Deduct Income Tax and National Insurance through PAYE, as if the employee were paid in cash.
Record the payment value as a business expense for Corporation Tax purposes.
If directors or employees receive crypto as part of a remuneration package, this may also need to be reported to HMRC on a P11D form if it is classed as a benefit in kind.
Accounting for crypto in company books
Crypto assets must be recorded in company accounts at their fair market value in pounds sterling. Most companies treat them as intangible fixed assets under accounting standards, though the exact classification can vary depending on how the crypto is used.
Revaluations due to price fluctuations should be reflected in profit and loss statements, and supporting documentation should include:
Dates and values of all acquisitions and disposals.
Exchange rates used for conversions.
Transaction IDs and wallet details.
Accurate and transparent accounting is essential, as HMRC can request these records during a compliance review.
Record keeping requirements
HMRC requires companies to keep comprehensive records for all crypto transactions, including:
The type and quantity of crypto asset.
The date and value of each transaction in pounds.
The purpose of the transaction (trade, payment, investment).
The counterparties involved (exchange, wallet, or customer).
Records must be kept for at least six years after the end of the accounting period. Failing to maintain accurate records can result in penalties or difficulties proving costs and valuations.
Example scenario
A UK tech company accepts payment in Bitcoin for software services. During the year, it receives 1 BTC when the value is £25,000.

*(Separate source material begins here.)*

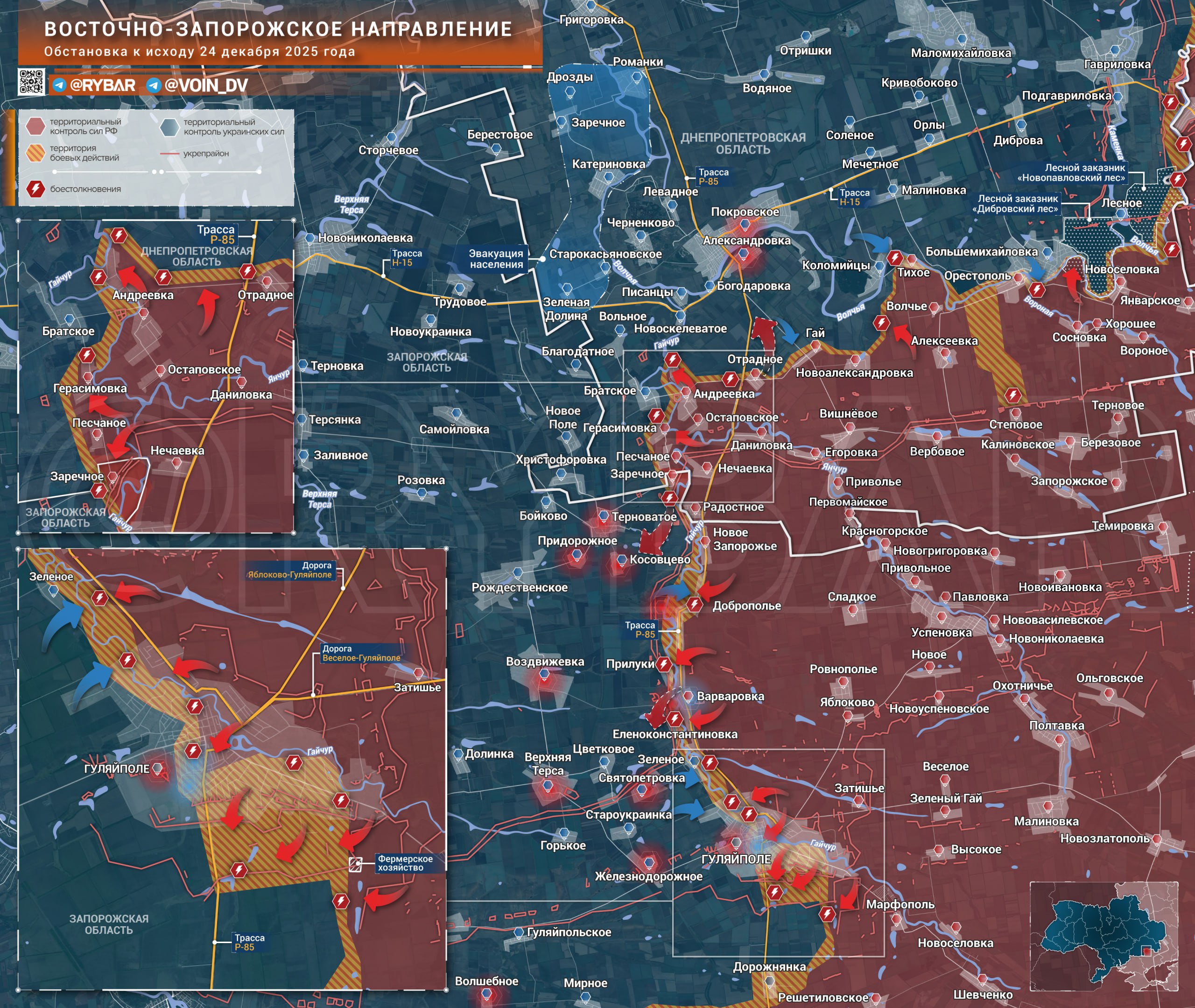 На Восточно-Запорожском направлении бойцы ГВ «Восток» освободили населенный пункт Заречное на северном фланге. Вместе с тем продолжаются бои в центре Гуляйполя.

The company recognises £25,000 as income for Corporation Tax.
Six months later, it sells the Bitcoin for £28,000, creating a £3,000 gain.
The £3,000 gain is added to the company’s profits and taxed at 25 percent (£750 tax).
If the Bitcoin had fallen to £22,000 instead, the £3,000 loss could be offset against other capital gains.
Common mistakes to avoid
Recording crypto transactions in the wrong currency or at incorrect values.
Failing to convert crypto amounts to pounds at the time of the transaction.
Treating crypto as cash or foreign currency (it is classified as an asset, not currency).
Ignoring Corporation Tax obligations for crypto gains.
Mixing personal and company crypto wallets.
Conclusion
For UK companies, cryptocurrency is treated as an asset, not money. Profits from trading, payments, or disposals are subject to Corporation Tax, while crypto received for goods, services, or mining must be valued in pounds at the time of receipt.
Accurate record keeping and correct valuation are crucial for compliance. With HMRC paying increasing attention to digital assets, companies that use or hold crypto should seek advice from an accountant familiar with both crypto and UK tax law to ensure that all transactions are reported correctly.